In screen printing, the substrate was placed under a horizontally placed screen (for example, polyester plain weave, 300 mesh) with a spacing of several millimeters. After the treatment agent was placed on the screen, a squeegee was used to spread the treatment agent on the entire surface of the screen. Subsequently, the squeegee was pressed against the screen so that the screen was in contact with the substrate, and the screen was moved to apply the treatment agent to the surface of the substrate.

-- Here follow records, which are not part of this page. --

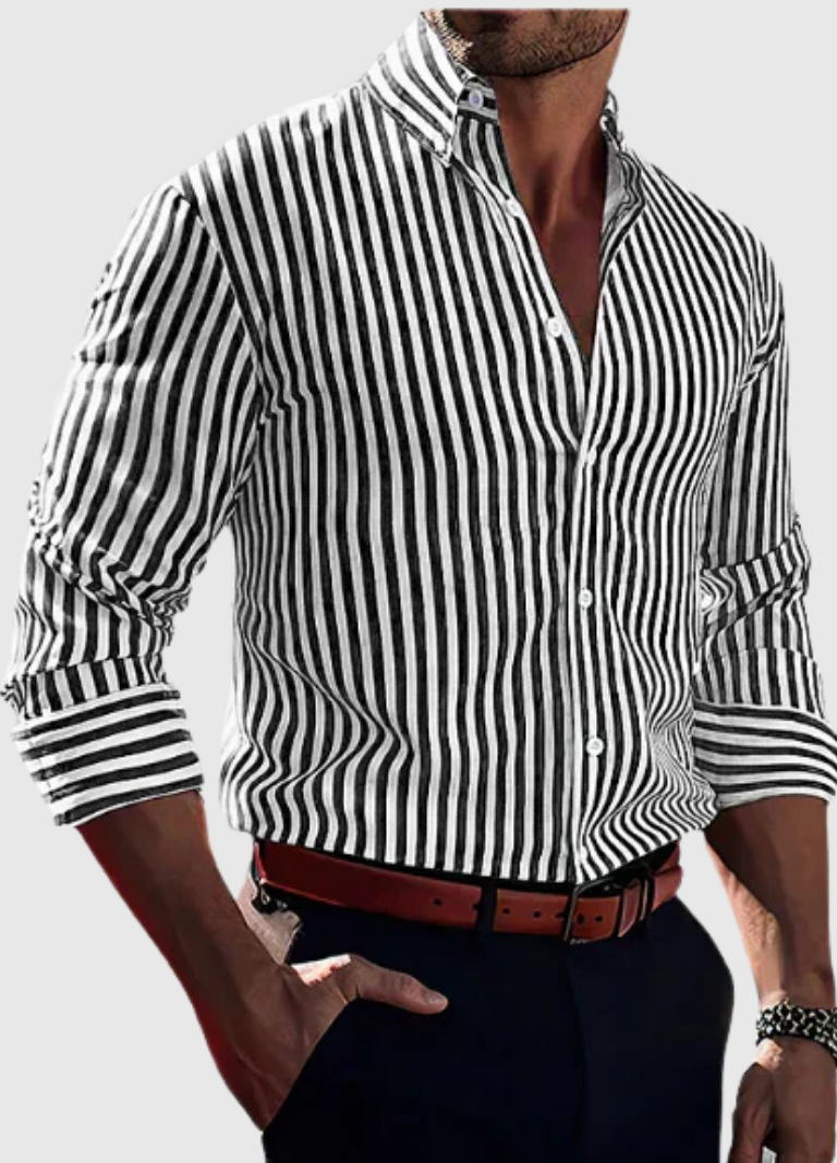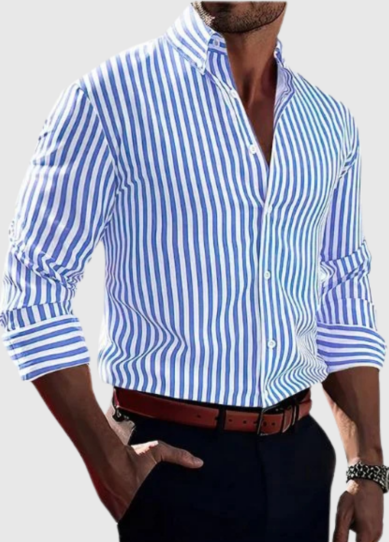 Crafted from a soft, breathable fabric, the Porter Striped Shirt delivers all-day ease while maintaining a polished, structured appearance. Its modern slim-fit silhouette follows the body naturally, creating a flattering profile that feels comfortable and reassuringly classic. The vertical stripe pattern subtly elongates the torso, adding definition and balance to any build. From pairing it with tailored trousers to layering it over a simple tee, this shirt adapts effortlessly to your personal style.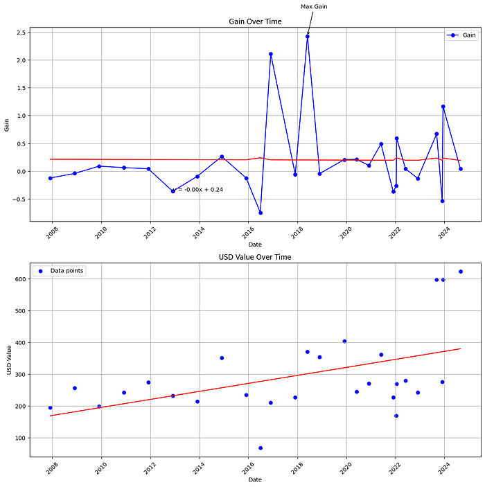 axes[0].text(df_0011[‘Date’].iloc[5], df_0011[‘Gain’].iloc[5], f’y = {slope:.2f}x + {intercept:.2f}’, fontsize=10, color=‘black’)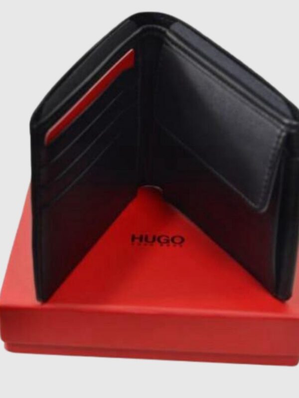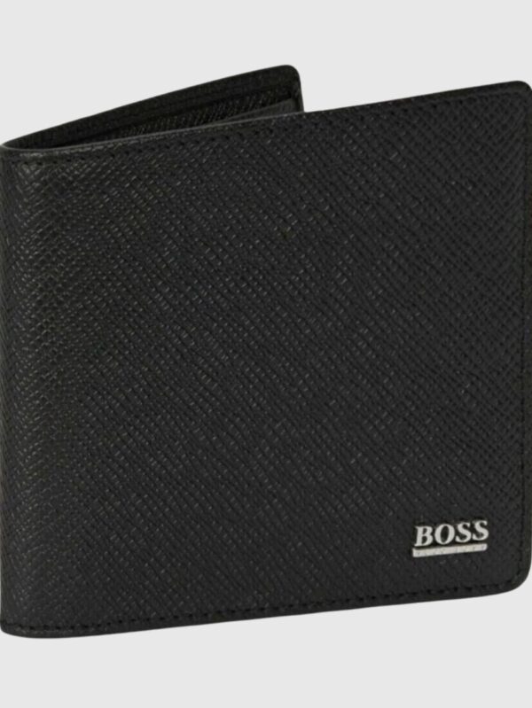 NEW HUGO BOSS SUBWAY 4CC MENS BIFOLD BLACK LEATHER WALLET WITH COINS POCKET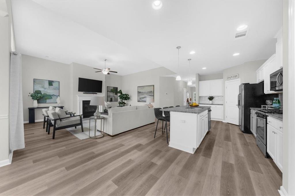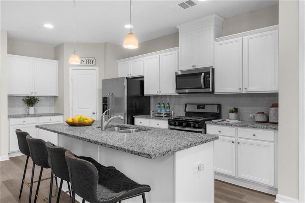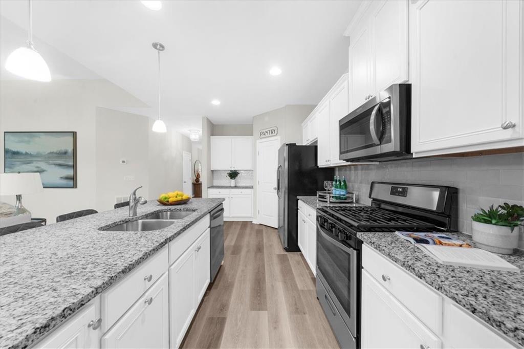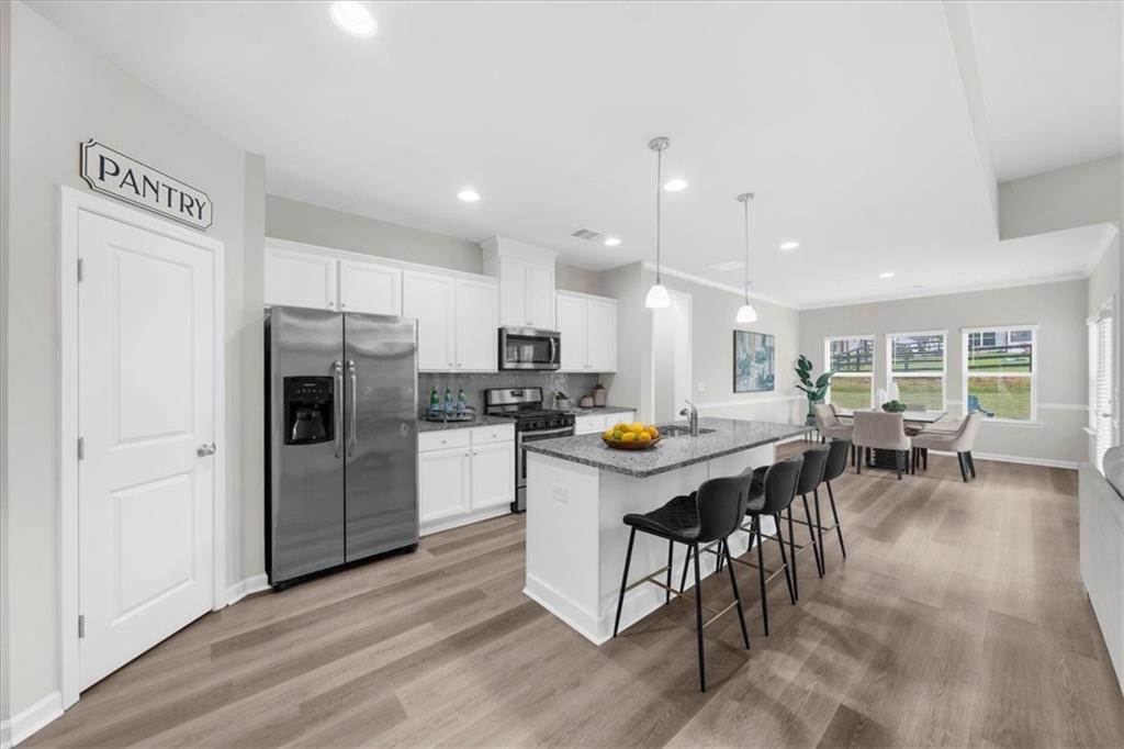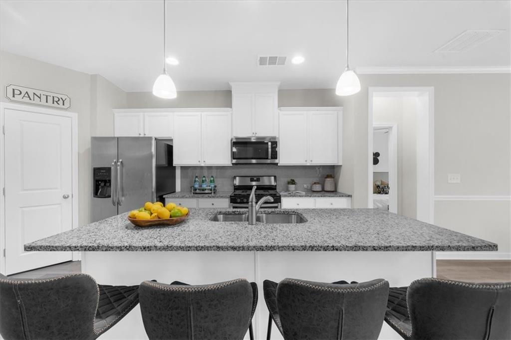 - KitchenBreakfast Bar, Cabinets White, Kitchen Island, Pantry Walk-In, Stone Counters, View to Family Room

The substrate after application of the treatment agent was dried in air at 120 ° C. for 10 minutes, and then heat-treated in air at a temperature of 600 ° C. for 30 minutes. This base material was immersed in a commercially available acidic cleaner solution at room temperature for 1 to 5 minutes for cleaning. Then, it was plated. For the plating process, the sample is electroless plating bath (N
It was dipped in an i-B type electroless plating solution at 65 ° C. for 20 minutes for plating. The adhesiveness between the nickel film and the base material was evaluated by soldering the nickel film plated on the base material to a size of 2 × 2 mm to fix the conductive wire, and attaching a scale to the conductive wire and pulling. The results are also shown in Table 1.

[0037]

[Table 1]

As a result, in the embodiment in which the thermal decomposition temperatures of the fixing agent and the film reinforcing agent are approximated to each other, the adhesion of the plated film becomes strong, the substrate is destroyed, and further measurement becomes impossible. became. Moreover, the smoothness was improved and the film was glossy. However, when the silicon concentration of the film reinforcing agent is high, the plating deposition property and the growth property are deteriorated.

[0039]

As described above, in the treatment agent of the present invention, ultrafine metal particles, a fixing agent composed of an organic compound containing a metal for fixing the ultrafine metal particles to a layer to be plated, a membrane reinforcing agent,
It is composed of an organic solvent, and by approximating the respective thermal decomposition temperatures of the above-mentioned fixative and membrane reinforcing agent, the reaction rates of the fixative and membrane reinforcing agent are matched at the time of firing to generate the fixative and membrane reinforcing agent. It has the effect of forming a strong treatment layer in which the respective metal oxides are bonded, and the ultrafine metal particles of the treatment layer serve as nuclei to deposit metal ions and form a strongly adhered plating film. Further, the viscosity adjusting material maintains the viscosity of the treating agent at an appropriate level to maintain good handling during screen printing.

Claims (5)

[Claims] 1. A surface treatment agent for a base material used when a metal film is attached to the surface of the base material, which comprises Au, Pt, Pd, R.
At least one kind of ultrafine metal particles selected from h, Ag, and Ni, a fixing agent made of an organic compound containing a metal for fixing the ultrafine metal particles to a layer to be plated, a film reinforcing agent, and an organic solvent, A surface treatment agent for plating, wherein the thermal decomposition temperatures of the fixing agent and the membrane reinforcing agent are approximated to each other. 2. The fixing agent is added in an amount of 0.1 to 10 mol, and the membrane reinforcing agent is added in an amount of 0.01 to 1 mol, based on 1 mol of the metal of the ultrafine metal particles.
The surface treating agent for plating according to claim 1, which is added with 5 mol. 3. The surface treating agent for plating according to claim 1, wherein a viscosity adjusting material made of a polymer material which can be dissolved in an organic solvent is mixed. 4. The surface treating agent for plating according to claim 1, wherein the ultrafine metal particles are previously dispersed independently in a polymer. 5. The surface treating agent for plating according to claim 1, wherein the ultrafine metal particles are previously dispersed independently in an organic solvent.